The key insight: Checkpoints aren't just history — they're branch points. They let you explore alternative approaches without losing context about what you've already tried.

Where Skills Live

Skills need a home where your AI can find them. Two tiers work well:

Global skills — Work across any codebase:

Code review standards
Planning and estimation
Session management (checkpoints, handoffs)

Project-specific skills — Encode patterns unique to one repo:

"How we structure endpoints here"
"Our component patterns"
"Integration test conventions"

Keep them separate. Global skills in one location; project skills in each project. Your AI reads both and knows which apply where.

The Navigation Skill: Understanding Unfamiliar Code

The skill I use most isn't for writing code — it's for understanding it.

When I land in an unfamiliar part of the codebase, I used to do this dance:

Jump to definition
Read that file
Find usages
Jump to one of those
Read that file
Repeat until I understand the flow

Now: /trace user-signup

The skill knows to:

Start from the entry point (route handler, CLI command, etc.)
Follow the data through each layer
Note transformations, validations, and side effects
Identify where exceptions are caught (or not)
Map out which services/databases are touched

Output is a flow diagram in text:

POST /api/users/signup
  → validate_request(data) [raises ValidationError]
  → UserRepository.get_by_email() [DB: users table]
  → hash_password() [bcrypt]
  → UserRepository.create() [DB insert]
  → send_welcome_email() [async task, non-blocking]
← Response: { user_id, email, created_at }

What used to take 30 minutes of file-hopping now takes 30 seconds. And the output is something I can paste into a PR description or share with a teammate asking "how does signup work?"

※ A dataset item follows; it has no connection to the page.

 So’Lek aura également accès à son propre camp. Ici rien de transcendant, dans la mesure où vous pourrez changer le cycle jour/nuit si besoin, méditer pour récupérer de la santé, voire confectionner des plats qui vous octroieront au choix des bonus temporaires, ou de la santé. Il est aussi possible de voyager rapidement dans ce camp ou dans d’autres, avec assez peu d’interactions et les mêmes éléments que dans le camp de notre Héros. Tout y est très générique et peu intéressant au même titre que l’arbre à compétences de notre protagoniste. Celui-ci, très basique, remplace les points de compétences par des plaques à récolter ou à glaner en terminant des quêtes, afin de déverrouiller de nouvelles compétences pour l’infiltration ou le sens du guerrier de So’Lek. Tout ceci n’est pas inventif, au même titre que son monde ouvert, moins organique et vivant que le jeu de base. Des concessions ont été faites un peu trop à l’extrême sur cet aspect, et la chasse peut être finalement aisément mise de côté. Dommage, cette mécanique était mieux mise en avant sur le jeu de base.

The skill evolved over time:

v1: Just trace the happy path
v2: Added exception paths after getting burned by unhandled errors
v3: Added "what touches the database?" after a performance incident
v4: Added async tasks after debugging a race condition

Each version came from pain. I didn't design it upfront — I refined it when the current version failed me.

Gotchas and Lessons

1. Prefix Conflicts

If you use /skill, your tool might try to parse it as a built-in command. This happened when I built my session handoff plugin — I wanted /handoff but the slash prefix collided with existing commands, so it became session handoff instead.

Options:

Use a different trigger style (two words, no slash)
Prefix with something unique (my-, do-, etc.)
Accept the collision and work around it

2. Skills Need Maintenance

Codebase patterns change. Skills that encode old patterns become misleading. Review quarterly:

Does the command still work?
Does the pattern still apply?
Is the tool/framework still correct?

3. Don't Over-Skill

Not everything needs a skill. If you've only done it twice, it's not a pattern yet.

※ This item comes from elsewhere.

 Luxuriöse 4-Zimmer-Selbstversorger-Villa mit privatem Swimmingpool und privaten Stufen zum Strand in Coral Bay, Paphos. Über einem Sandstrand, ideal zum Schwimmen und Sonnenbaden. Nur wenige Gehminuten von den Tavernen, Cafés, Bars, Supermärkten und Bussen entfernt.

Skill-worthy: Things you do weekly Not skill-worthy: One-off tasks, edge cases

4. Start Small

Start with 3 skills, not 27. Add more as patterns emerge. You'll know when you need them because you'll catch yourself typing the same prompt again.

The Value Hierarchy

After 6 months, here's what provides the most value:

Codebase-specific skills — They encode knowledge that lives only in your head
Policy-enforcement skills — They make team standards automatic
Checkpoint/history skills — They create a searchable record of decisions
General development skills — They standardize common tasks

The codebase-specific ones surprise people the most. "Wait, I can just say /new-component and it knows our factory pattern?"

Yes. That's the point.

Getting Started

Track for a week: What do you repeatedly ask your AI assistant?
Pick the top 3: Most frequent, most annoying to re-explain
Define them: Trigger, scope, behavior, output
Document them: So the AI knows about them
Iterate: Skills evolve as you use them

The first three skills will teach you what works. Then add more.

The Meta-Skill

Building skills is itself a skill. You learn:

What's actually repetitive vs. what just feels repetitive
How to specify behavior precisely
When to encode flexibility vs. rigidity
How to maintain and evolve commands over time

This meta-skill transfers. Once you think in terms of "encode the pattern," you see opportunities everywhere — not just with AI.

Start with 3. You'll know when you need more.